Records from a data source:
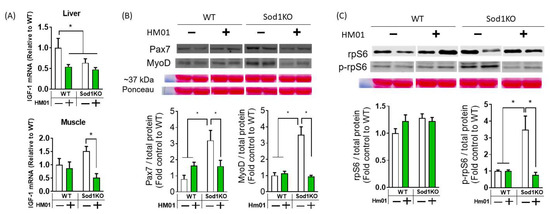 Four-week HM01 treatment abrogates anabolic pathways in Sod1KO. (A) IGF-1 levels in the liver and muscle are significantly decreased after HM01 treatment. (B) Proteins involved in myogenesis, Pax7 and MyoD, are upregulated in Sod1KO muscle. This upregulation is abrogated by HM01 treated Sod1KO group. (C) Ribosomal protein S6 levels were unchanged, but its phosphorylation is significantly upregulated at Ser240/244 sites. HM01 treated mice are lacking this upregulation of the marker for ribosomal protein synthesis. Two-Way ANOVAs were used to test statistical significance between groups, followed by Tukey post hoc tests. Data are mean ± SEM. * p < 0.05.
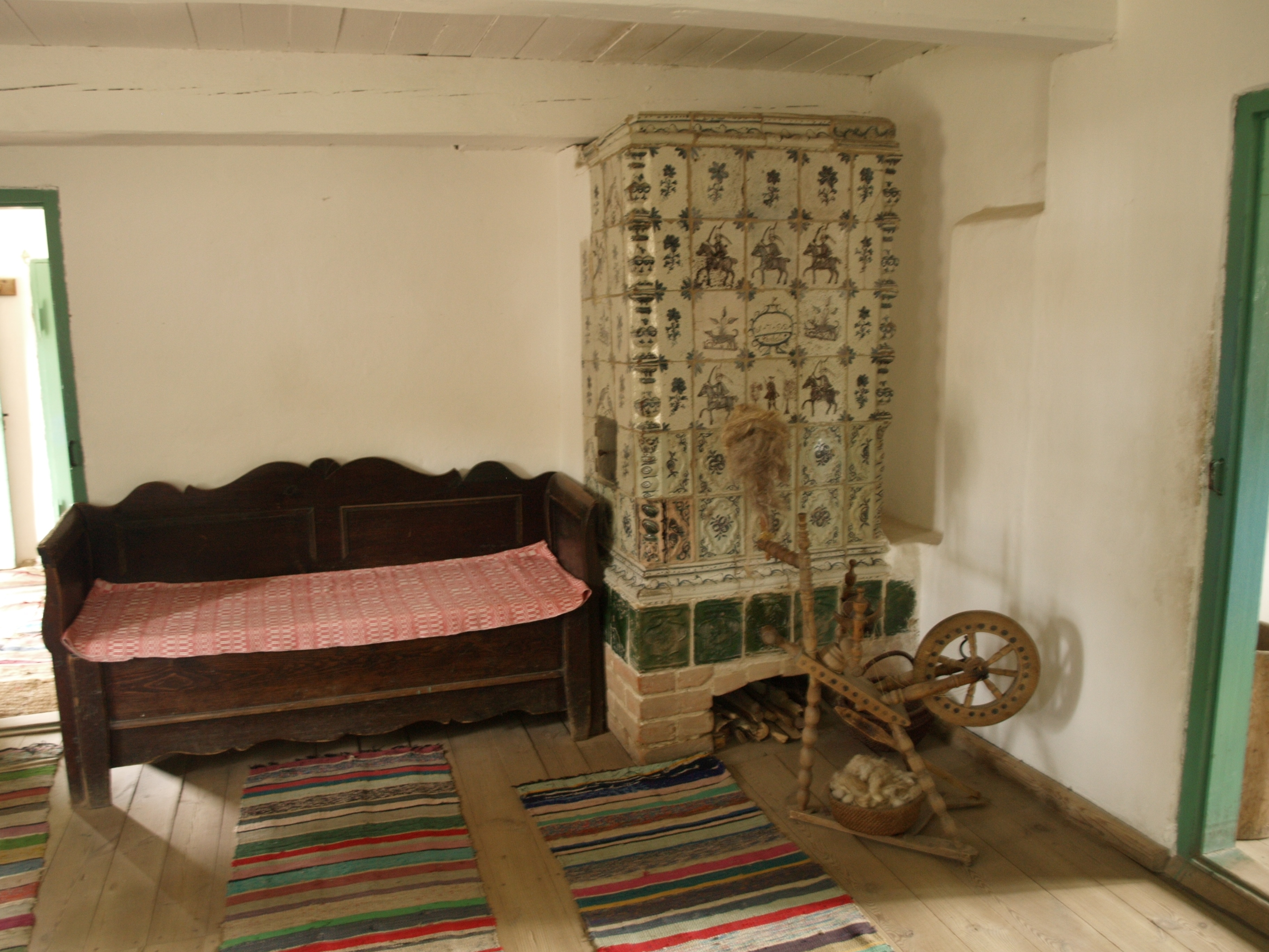 Piec z 1792 roku wykonany przez garncarza ludowego o nazwisku Pantell. Kafle ozdobne przedstawiają scenki rodzajowe i motywy kwiatowe. Obok drewniana ława z oparciem.
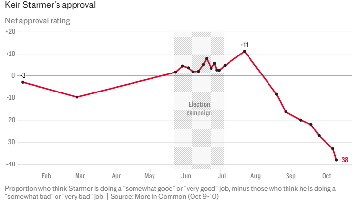 But by this month, ahead of Rachel Reeves’ Budget on Wednesday, his personal rating had fallen to –38 – a net drop of 49.
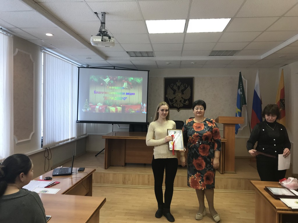 В районе проводится большая добровольческая и благотворительная работа. Ежегодно, на протяжении более 10 лет, молодежный центр «Иволга» в преддверии Нового года собирает подарки детям из семей, находящимся в неблагоприятном социальном положении. В этой акции участвуют все жители Конаковского района. В новогодние праздники Дед Мороз и Снегурочка постучали в двери 120-ти детей. Поблагодарила добровольцев и активистов за их важную деятельность заместитель главы администрации Конаковского района по социальной политике Аггюль Бородина.
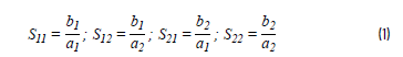 示意圖圖1顯示的波量a是入射在器件端口1和端口2上的電壓波的復(fù)數(shù)幅度。如果使用相應(yīng)的波量a1或a2依次刺激一個(gè)端口,同時(shí)另一個(gè)端口端接到匹配的負(fù)載中,我們就可以根據(jù)波量b來定義器件的正向和反向響應(yīng)。這些數(shù)量代表了從網(wǎng)絡(luò)端口反射和通過網(wǎng)絡(luò)端口透射的電壓波?;谒脧?fù)數(shù)響應(yīng)和初始刺激量的比率,我們可以定義雙端口器件的S參數(shù),如式1所示:
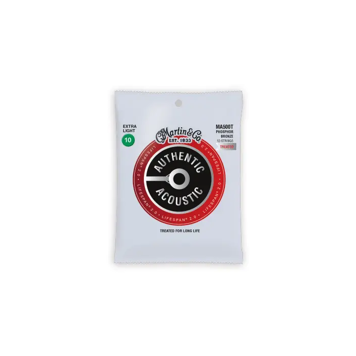 Martin Authentic Lifespan®2.0 92/8 Phosphor Bronze Cuerdas para Guitarra Acústica 12 Cuerdas Extra Light 10-47

> Instructions for the task:
Each entry above should be restated word for word, though no picture may appear in the copy.

> Answer to this task:
 Four-week HM01 treatment abrogates anabolic pathways in Sod1KO. (A) IGF-1 levels in the liver and muscle are significantly decreased after HM01 treatment. (B) Proteins involved in myogenesis, Pax7 and MyoD, are upregulated in Sod1KO muscle. This upregulation is abrogated by HM01 treated Sod1KO group. (C) Ribosomal protein S6 levels were unchanged, but its phosphorylation is significantly upregulated at Ser240/244 sites. HM01 treated mice are lacking this upregulation of the marker for ribosomal protein synthesis. Two-Way ANOVAs were used to test statistical significance between groups, followed by Tukey post hoc tests. Data are mean ± SEM. * p < 0.05.
 Piec z 1792 roku wykonany przez garncarza ludowego o nazwisku Pantell. Kafle ozdobne przedstawiają scenki rodzajowe i motywy kwiatowe. Obok drewniana ława z oparciem.
 But by this month, ahead of Rachel Reeves’ Budget on Wednesday, his personal rating had fallen to –38 – a net drop of 49.
 В районе проводится большая добровольческая и благотворительная работа. Ежегодно, на протяжении более 10 лет, молодежный центр «Иволга» в преддверии Нового года собирает подарки детям из семей, находящимся в неблагоприятном социальном положении. В этой акции участвуют все жители Конаковского района. В новогодние праздники Дед Мороз и Снегурочка постучали в двери 120-ти детей. Поблагодарила добровольцев и активистов за их важную деятельность заместитель главы администрации Конаковского района по социальной политике Аггюль Бородина.
 示意圖圖1顯示的波量a是入射在器件端口1和端口2上的電壓波的復(fù)數(shù)幅度。如果使用相應(yīng)的波量a1或a2依次刺激一個(gè)端口,同時(shí)另一個(gè)端口端接到匹配的負(fù)載中,我們就可以根據(jù)波量b來定義器件的正向和反向響應(yīng)。這些數(shù)量代表了從網(wǎng)絡(luò)端口反射和通過網(wǎng)絡(luò)端口透射的電壓波?;谒脧?fù)數(shù)響應(yīng)和初始刺激量的比率,我們可以定義雙端口器件的S參數(shù),如式1所示:
 Martin Authentic Lifespan®2.0 92/8 Phosphor Bronze Cuerdas para Guitarra Acústica 12 Cuerdas Extra Light 10-47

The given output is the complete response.